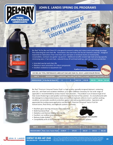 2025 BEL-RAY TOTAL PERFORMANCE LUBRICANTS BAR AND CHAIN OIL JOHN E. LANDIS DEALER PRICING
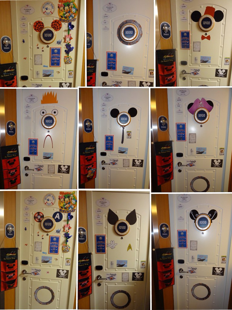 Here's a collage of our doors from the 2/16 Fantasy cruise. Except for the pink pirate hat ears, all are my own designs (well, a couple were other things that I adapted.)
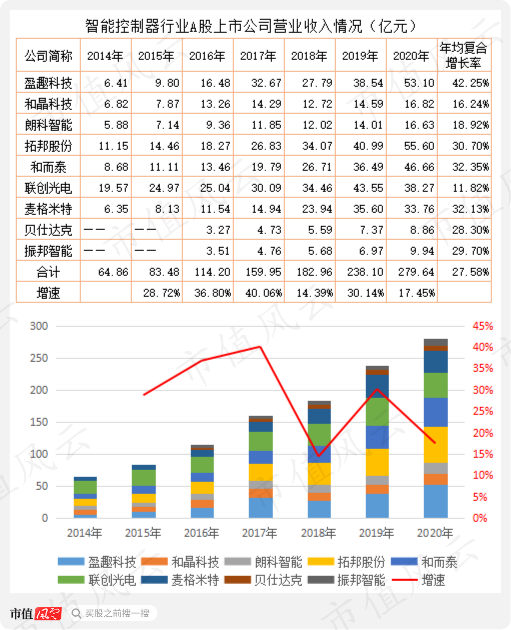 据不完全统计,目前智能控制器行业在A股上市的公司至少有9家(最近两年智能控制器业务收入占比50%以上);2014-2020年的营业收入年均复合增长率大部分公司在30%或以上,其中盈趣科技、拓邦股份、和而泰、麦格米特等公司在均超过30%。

Activity:
Across the whole listing, reproduce each line verbatim and exclude every picture.

Task solution:
 2025 BEL-RAY TOTAL PERFORMANCE LUBRICANTS BAR AND CHAIN OIL JOHN E. LANDIS DEALER PRICING
 Here's a collage of our doors from the 2/16 Fantasy cruise. Except for the pink pirate hat ears, all are my own designs (well, a couple were other things that I adapted.)
 据不完全统计,目前智能控制器行业在A股上市的公司至少有9家(最近两年智能控制器业务收入占比50%以上);2014-2020年的营业收入年均复合增长率大部分公司在30%或以上,其中盈趣科技、拓邦股份、和而泰、麦格米特等公司在均超过30%。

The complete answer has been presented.